If I were to give myself advice, I would definitely say work hard in high school. You don't necessarily need a 4.0 grade point average, but take classes that will help in college and your career path. I would also say that if a high school guidence counselor tells you that you are not college material, get a different counselor. I put myself down all the time because I believed what I was told. Once I got to college I worked hard to prove them wrong, however if I had just applied myself in high school it may have been an easier road. I would also get myself a great tutor for math, and get all my math courses out of the way early in my college career. I had teachers that simply intimidated me in math. I should never had let that happen, but now I struggle with the fear that my GPA will be ruined when I take my last math class. I would have done way more to understand it early on, now I am scrambling to learn it, before I need to take the class in May. I would have done many things differently.

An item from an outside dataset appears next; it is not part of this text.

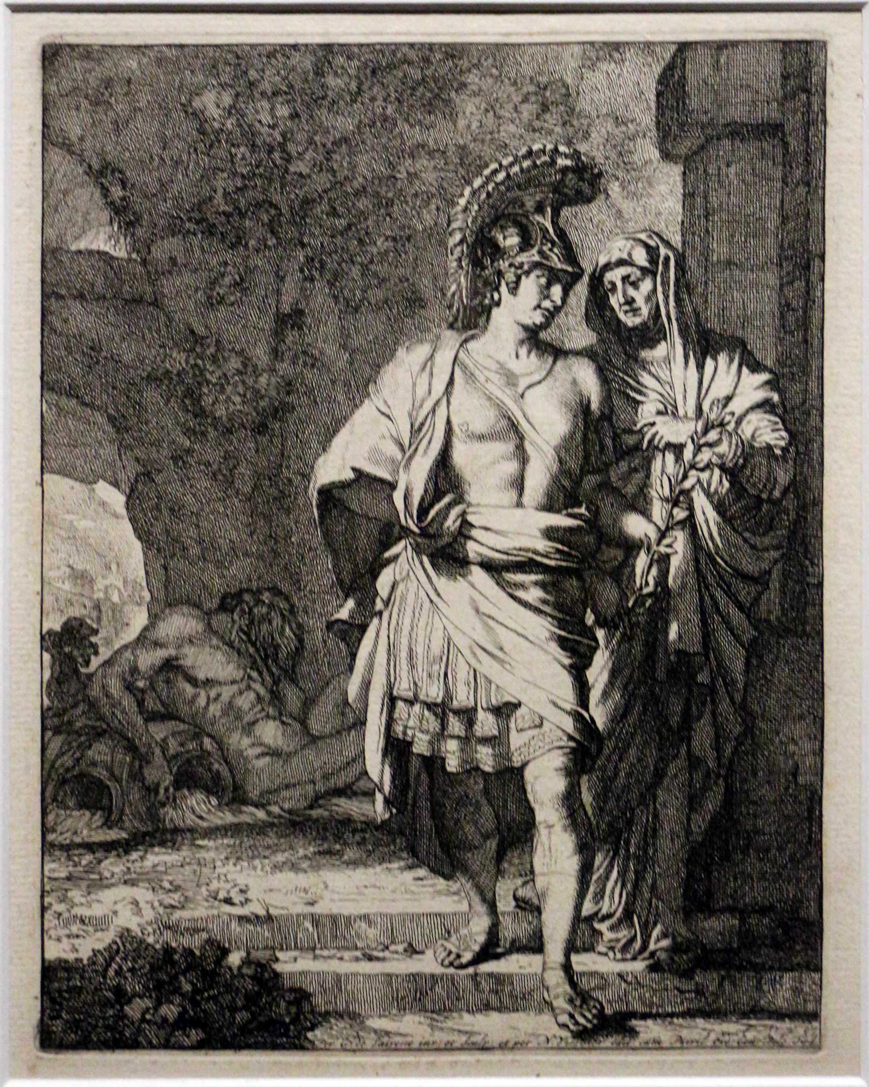 Prints in the Bonnefantenmuseum

My advice that I would give myself if I had the ability to communicate with myself in the past would be to mentally prepare for the massive influx of new people I'm going to meet. Although I already had friends in high school, I needed to find ways in order to keep those relationships still alive while meeting new people and creating a new social network. The best thing to do about this is to try to find people who have similar interests as you while also trying to meet people who are very different from you. No one in the world is going to be an exact match to your every interest so it is good to keep an open mind and a willingness to try new things. I would recommend trying to find a few friends to meet over the summer through something like facebook or the school's website just so you have a few familar faces when you first get there. Gradually you were find your place in your chosen university but patience and acceptance are two things that will make the transition all the more easier.
My college expereince started out a little rough. I went to a local college for a year and a half. While in that college, I was placed in remedial classes which I did not need. The classes just made me feel that I wasn't getting anything accomplished. My college academic career was going no where, so I dropped out. I took time off to work and figure out what to do with my life. After working for a few years as a daycare teacher. Although it's a fulfilling job, it doesn't pay very good at all. I made the decision to go back to school and my best option was online. I chose Ashford University because it had the major I wanted and also it is accredited and top rated. I love school now. I really feel like I'm accomplishing something. I have a very strong GPA (3.7) and I feel great about all of my classes. My new obstacle is money so I am applying for any scholarship I'm eligible for to make it possible for me to continue. Overall< Ashford has gievn me a brand new outlook on attending college.